Top of Source material

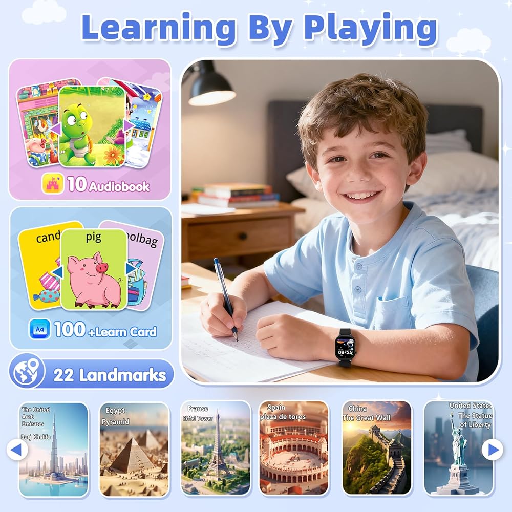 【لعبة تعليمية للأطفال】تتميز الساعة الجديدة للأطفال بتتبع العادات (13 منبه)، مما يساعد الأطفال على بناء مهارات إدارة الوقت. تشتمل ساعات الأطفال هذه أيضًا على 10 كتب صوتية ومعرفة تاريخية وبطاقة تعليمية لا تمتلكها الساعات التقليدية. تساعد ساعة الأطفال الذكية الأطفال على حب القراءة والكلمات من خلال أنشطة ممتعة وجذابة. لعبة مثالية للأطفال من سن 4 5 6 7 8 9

Bottom of Source material
Top of Source material

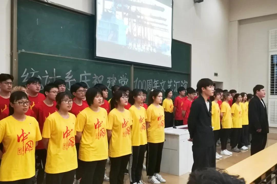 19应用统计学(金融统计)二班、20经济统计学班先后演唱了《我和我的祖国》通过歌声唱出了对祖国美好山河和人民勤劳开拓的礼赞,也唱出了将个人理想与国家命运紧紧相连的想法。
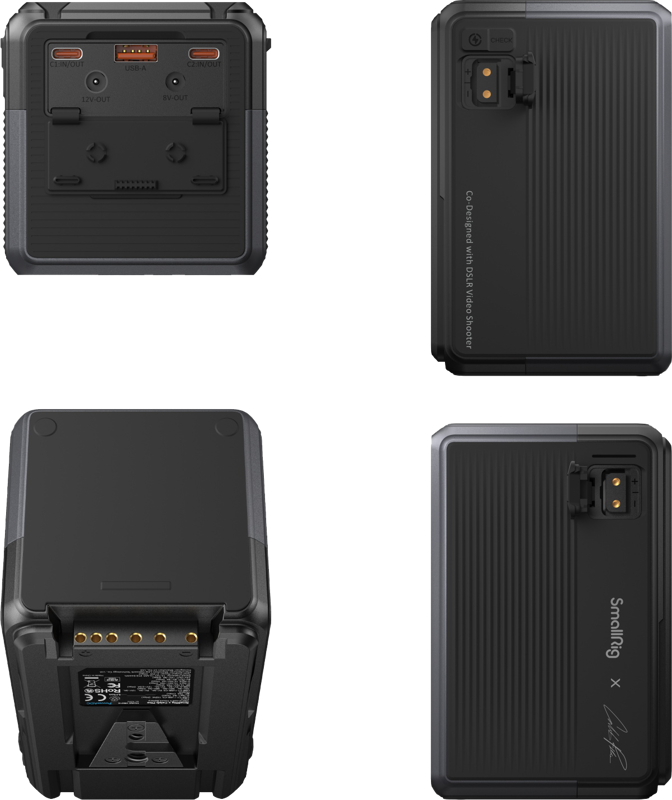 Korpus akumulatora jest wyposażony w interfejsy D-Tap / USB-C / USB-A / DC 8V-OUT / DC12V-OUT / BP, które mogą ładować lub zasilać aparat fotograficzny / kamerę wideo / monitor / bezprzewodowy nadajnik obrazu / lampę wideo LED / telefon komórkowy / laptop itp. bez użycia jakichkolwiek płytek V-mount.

Bottom of Source material
Top of Source material

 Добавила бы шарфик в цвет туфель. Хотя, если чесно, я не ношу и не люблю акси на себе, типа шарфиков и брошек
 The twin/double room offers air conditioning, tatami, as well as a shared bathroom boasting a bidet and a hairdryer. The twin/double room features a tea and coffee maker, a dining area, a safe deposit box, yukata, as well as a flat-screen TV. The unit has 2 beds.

Bottom of Source material

** Your task **
Output the material above exactly, but only from the line that carries "Добавила бы шарфик" through the line that carries "The twin/double room offers".

** Solved problem **
 Добавила бы шарфик в цвет туфель. Хотя, если чесно, я не ношу и не люблю акси на себе, типа шарфиков и брошек
 The twin/double room offers air conditioning, tatami, as well as a shared bathroom boasting a bidet and a hairdryer. The twin/double room features a tea and coffee maker, a dining area, a safe deposit box, yukata, as well as a flat-screen TV. The unit has 2 beds.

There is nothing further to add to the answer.